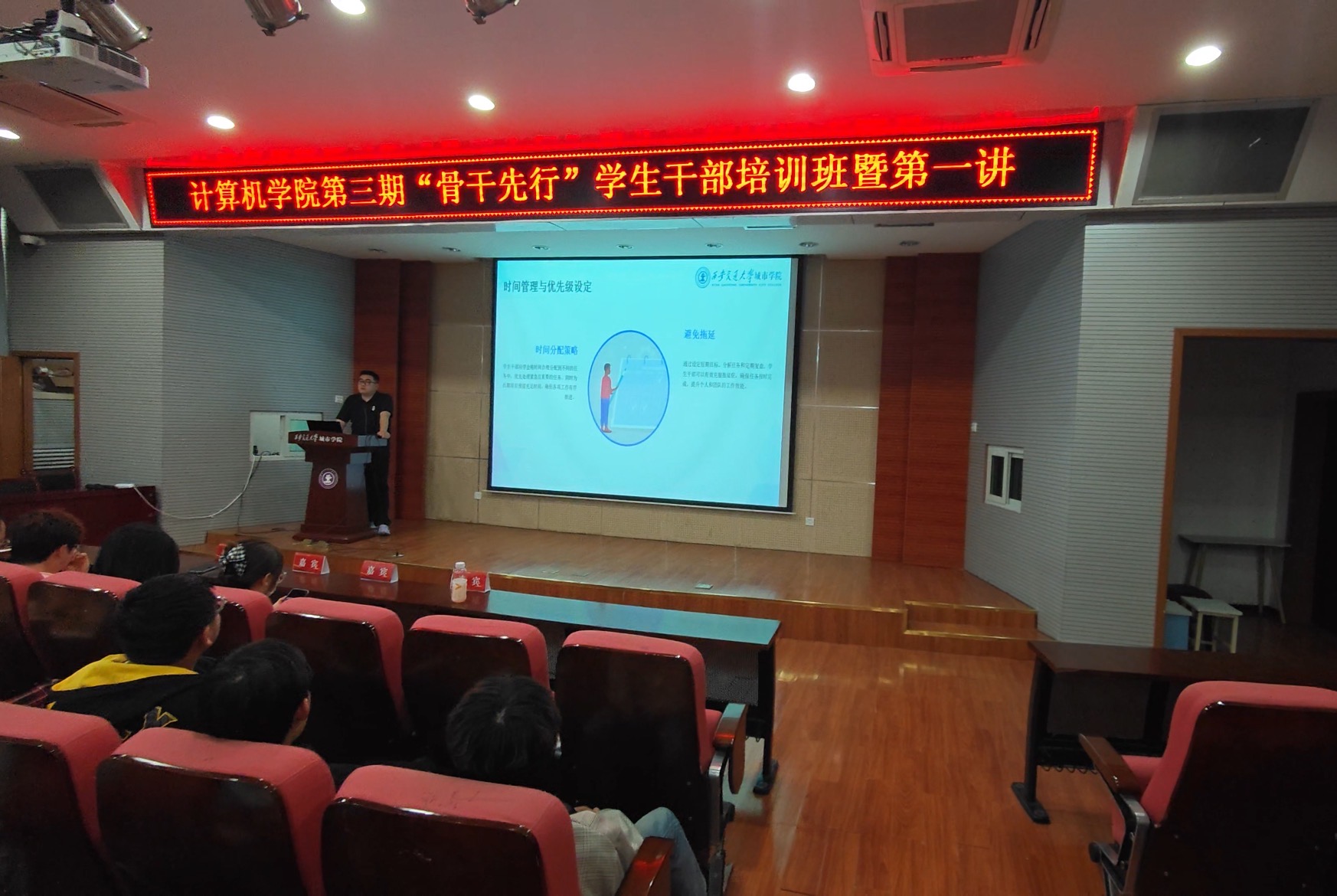 近日,计算机学院举办了第三期“骨干先行”学生骨干培训班活动。活动面向2023级、2024级150余名班级学生骨干,旨在培养班级学生骨干坚定的信仰、勇于开拓的精神以及积极投身实践的能力。
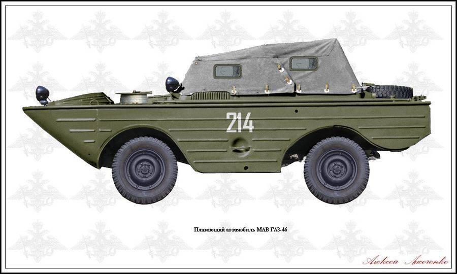 , скорее, был похож на катер. Приборный щиток МАВ был полностью позаимствован с внедорожника ГАЗ-69. При этом на щитке приборов имелись тахометр и сигнальная лампочка, которая оповещала о появлении воды в трюме. Рычаги управления трансмиссией находились с правой стороны от водителя. Кронштейны педалей отличались своей необычной формой и находились близко друг к другу, для того чтобы было как можно меньше разных технологических отверстий, через которые вода могла попасть внутрь корпуса автомобиля. Рама ветрового стекла могла быть уложена на капот, а над пассажирским отсеком можно было легко растянуть тент из брезента. Передний ряд сидений включал в себя два кресла: для командира и водителя. Позади них была смонтирована трехместная скамья, не имевшая регулировок. Для удобства обслуживания в кабине автомобиля был установлен топливный фильтр.Плавающий автомобиль ГАЗ-46 (МАВ) поступал на вооружение отдельных переправочно-десантных батальонов, а также отдельных понтонно-мостовых полков, помимо этого он экспортировался в страны, которые были участниками Варшавского договора. Выпуск автомобиля продолжался в Советском Союзе с 1953 по 1958 год, когда производство базового ГАЗ-69 было передано на завод УАЗ. При этом в Ульяновске просто не было производственной возможности, чтобы продолжать выпуск плавающего автомобиля, что, наряду с небольшой потребностью в подобных машинах, послужило причиной к прекращению их выпуска. К тому же в армию тогда уже начали поступать первые БРДМ. Точной информации о количестве выпущенных МАВ нет, но, по всей видимости, всего было собрано около 650 таких автомобилей.
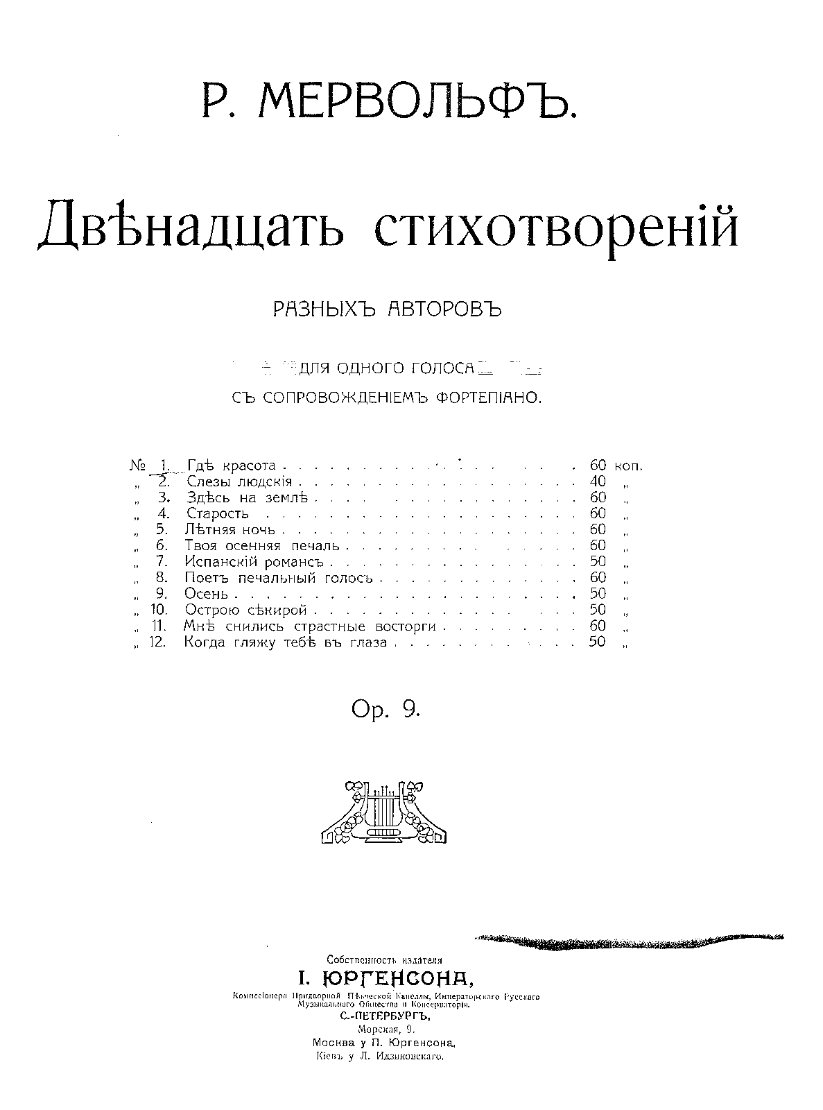 Двенадцать романсы разных авторов для одного голоса с сопровождением фортепиано
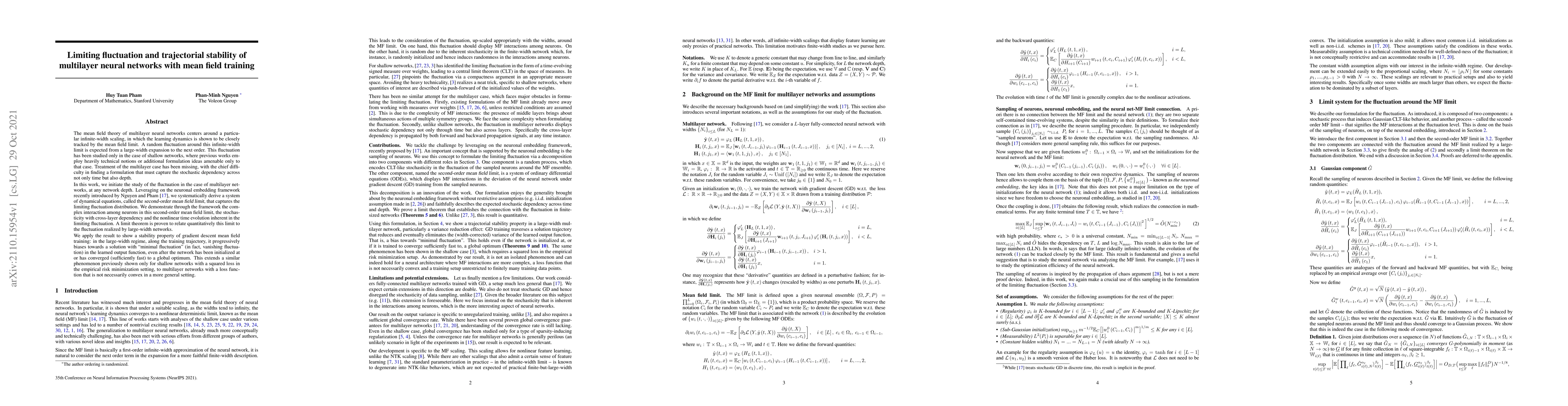 This paper investigates the limiting fluctuation and trajectorial stability in multilayer neural networks trained via mean field theory, introducing a second-order MF limit to capture stochastic dependencies across time and depth. It demonstrates that gradient descent training biases towards solutions with minimal fluctuation in large-width networks, extending this stability property to multilayer networks beyond shallow cases.
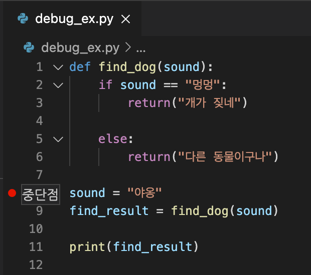 개소리("멍멍")를 입력받으면 "개가 짖네"라는 문장을 출력하고, 그 외의 경우는 "다른 동물이구나"라는 문장을 출력하는 코드입니다.
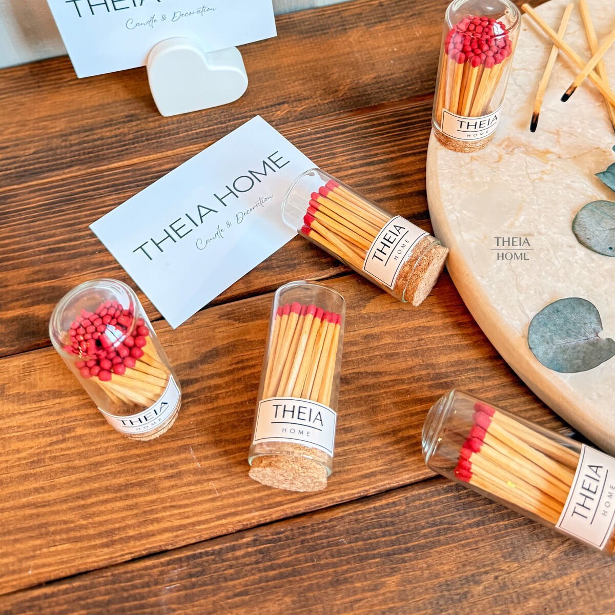 Mum yakma ritüellerinizi görsel açıdan tamamlayan bu ürün, Theia Home mumlarıyla birlikte kullanıldığında stil sahibi sunumlar oluşturur. Sehpa üstü, tepsi içi veya hediye kutularında şıklığı destekleyen bir yardımcı olarak öne çıkar. İçindeki kırmızı uçlu kibritler hem kontrast hem de sıcaklık hissi yaratarak ortama güçlü bir karakter katar.
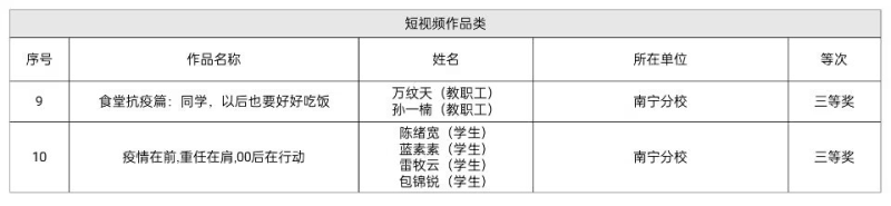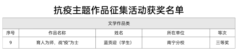 在英国上市公司365各单位(部门)积极动员下,广大师生踊跃参与,紧扣抗疫主题,构思新颖,利用抗疫防疫期间的所见所闻,不断收集素材,对相关资料进行整理、设计,通过创作描述出英国上市公司365抗疫防疫的每个瞬间,涌现了不少意义深刻的作品。在所提交的中,蓝贡迎同学的作品《育人为师,战“疫”为士》荣获文学作品类三等奖;万纹天、孙一楠老师的作品《食堂抗疫篇:同学以后也要好好吃饭》,陈绪宽、蓝素素、雷牧云、包锦锐同学的作品《疫情在前,重任在肩,00后再行动》分别荣获短视频作品类三等奖。
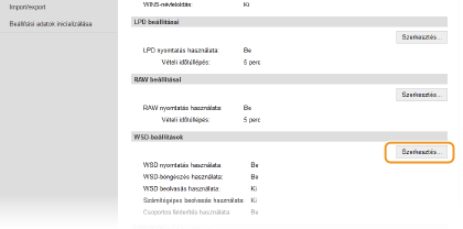 A jelölőnégyzet bejelölésével a WSD-n keresztül információkat kérhet le a készülékről a számítógépre. Ez a jelölőnégyzet automatikusan be van jelölve, ha a [WSD nyomtatás használata] jelölőnégyzet be van jelölve. [WSD beolvasás használata]
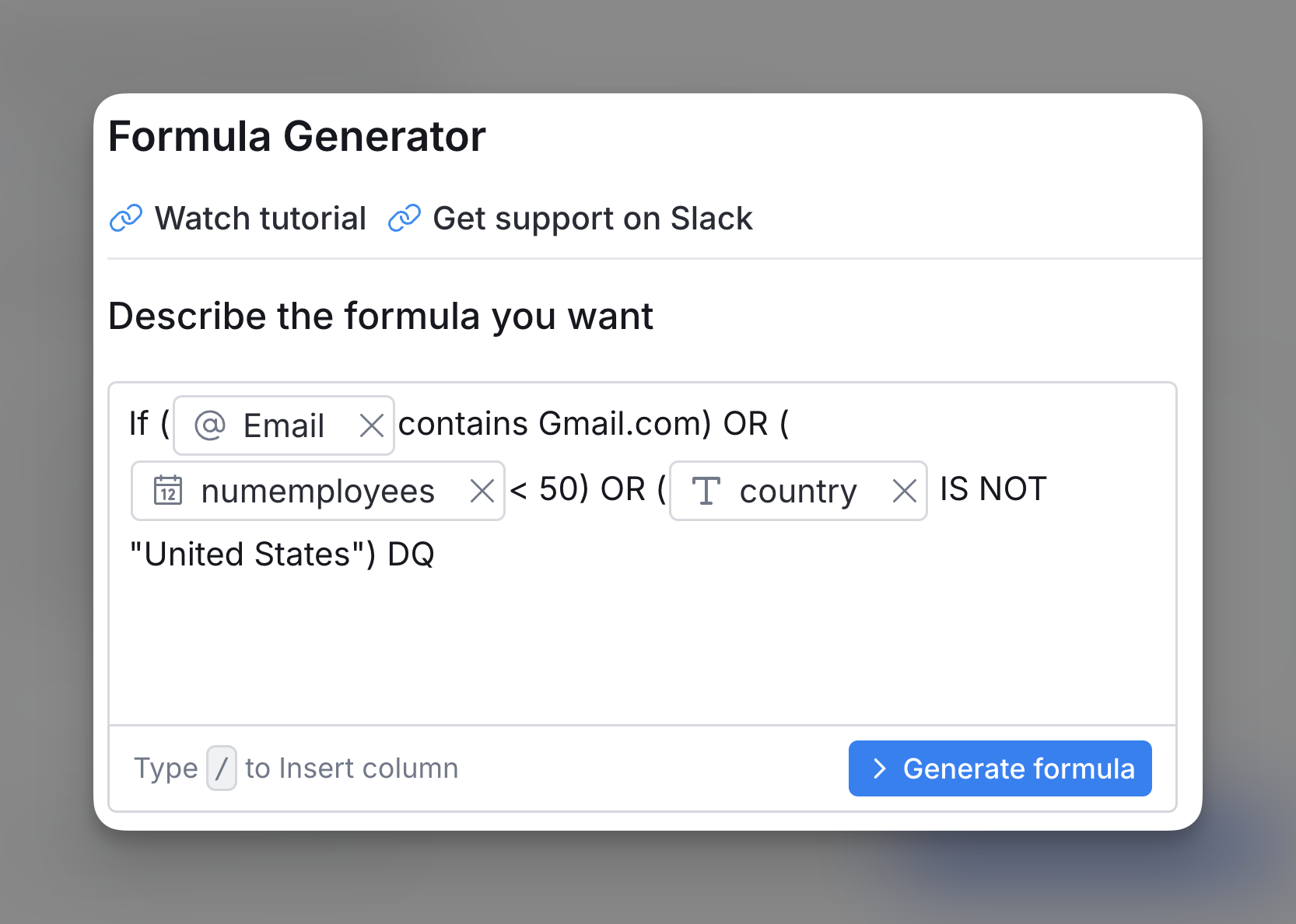 Use the Formula Generator to create a formula that matches your scoring criteria.

■ ■ ■ ■ ■

Activity:
Each line of the listing is to be retyped exactly, and its pictures are to be dropped.

Exercise response:
 近日,计算机学院举办了第三期“骨干先行”学生骨干培训班活动。活动面向2023级、2024级150余名班级学生骨干,旨在培养班级学生骨干坚定的信仰、勇于开拓的精神以及积极投身实践的能力。
 , скорее, был похож на катер. Приборный щиток МАВ был полностью позаимствован с внедорожника ГАЗ-69. При этом на щитке приборов имелись тахометр и сигнальная лампочка, которая оповещала о появлении воды в трюме. Рычаги управления трансмиссией находились с правой стороны от водителя. Кронштейны педалей отличались своей необычной формой и находились близко друг к другу, для того чтобы было как можно меньше разных технологических отверстий, через которые вода могла попасть внутрь корпуса автомобиля. Рама ветрового стекла могла быть уложена на капот, а над пассажирским отсеком можно было легко растянуть тент из брезента. Передний ряд сидений включал в себя два кресла: для командира и водителя. Позади них была смонтирована трехместная скамья, не имевшая регулировок. Для удобства обслуживания в кабине автомобиля был установлен топливный фильтр.Плавающий автомобиль ГАЗ-46 (МАВ) поступал на вооружение отдельных переправочно-десантных батальонов, а также отдельных понтонно-мостовых полков, помимо этого он экспортировался в страны, которые были участниками Варшавского договора. Выпуск автомобиля продолжался в Советском Союзе с 1953 по 1958 год, когда производство базового ГАЗ-69 было передано на завод УАЗ. При этом в Ульяновске просто не было производственной возможности, чтобы продолжать выпуск плавающего автомобиля, что, наряду с небольшой потребностью в подобных машинах, послужило причиной к прекращению их выпуска. К тому же в армию тогда уже начали поступать первые БРДМ. Точной информации о количестве выпущенных МАВ нет, но, по всей видимости, всего было собрано около 650 таких автомобилей.
 Двенадцать романсы разных авторов для одного голоса с сопровождением фортепиано
 This paper investigates the limiting fluctuation and trajectorial stability in multilayer neural networks trained via mean field theory, introducing a second-order MF limit to capture stochastic dependencies across time and depth. It demonstrates that gradient descent training biases towards solutions with minimal fluctuation in large-width networks, extending this stability property to multilayer networks beyond shallow cases.
 개소리("멍멍")를 입력받으면 "개가 짖네"라는 문장을 출력하고, 그 외의 경우는 "다른 동물이구나"라는 문장을 출력하는 코드입니다.
 Mum yakma ritüellerinizi görsel açıdan tamamlayan bu ürün, Theia Home mumlarıyla birlikte kullanıldığında stil sahibi sunumlar oluşturur. Sehpa üstü, tepsi içi veya hediye kutularında şıklığı destekleyen bir yardımcı olarak öne çıkar. İçindeki kırmızı uçlu kibritler hem kontrast hem de sıcaklık hissi yaratarak ortama güçlü bir karakter katar.
 在英国上市公司365各单位(部门)积极动员下,广大师生踊跃参与,紧扣抗疫主题,构思新颖,利用抗疫防疫期间的所见所闻,不断收集素材,对相关资料进行整理、设计,通过创作描述出英国上市公司365抗疫防疫的每个瞬间,涌现了不少意义深刻的作品。在所提交的中,蓝贡迎同学的作品《育人为师,战“疫”为士》荣获文学作品类三等奖;万纹天、孙一楠老师的作品《食堂抗疫篇:同学以后也要好好吃饭》,陈绪宽、蓝素素、雷牧云、包锦锐同学的作品《疫情在前,重任在肩,00后再行动》分别荣获短视频作品类三等奖。
 A jelölőnégyzet bejelölésével a WSD-n keresztül információkat kérhet le a készülékről a számítógépre. Ez a jelölőnégyzet automatikusan be van jelölve, ha a [WSD nyomtatás használata] jelölőnégyzet be van jelölve. [WSD beolvasás használata]
 Use the Formula Generator to create a formula that matches your scoring criteria.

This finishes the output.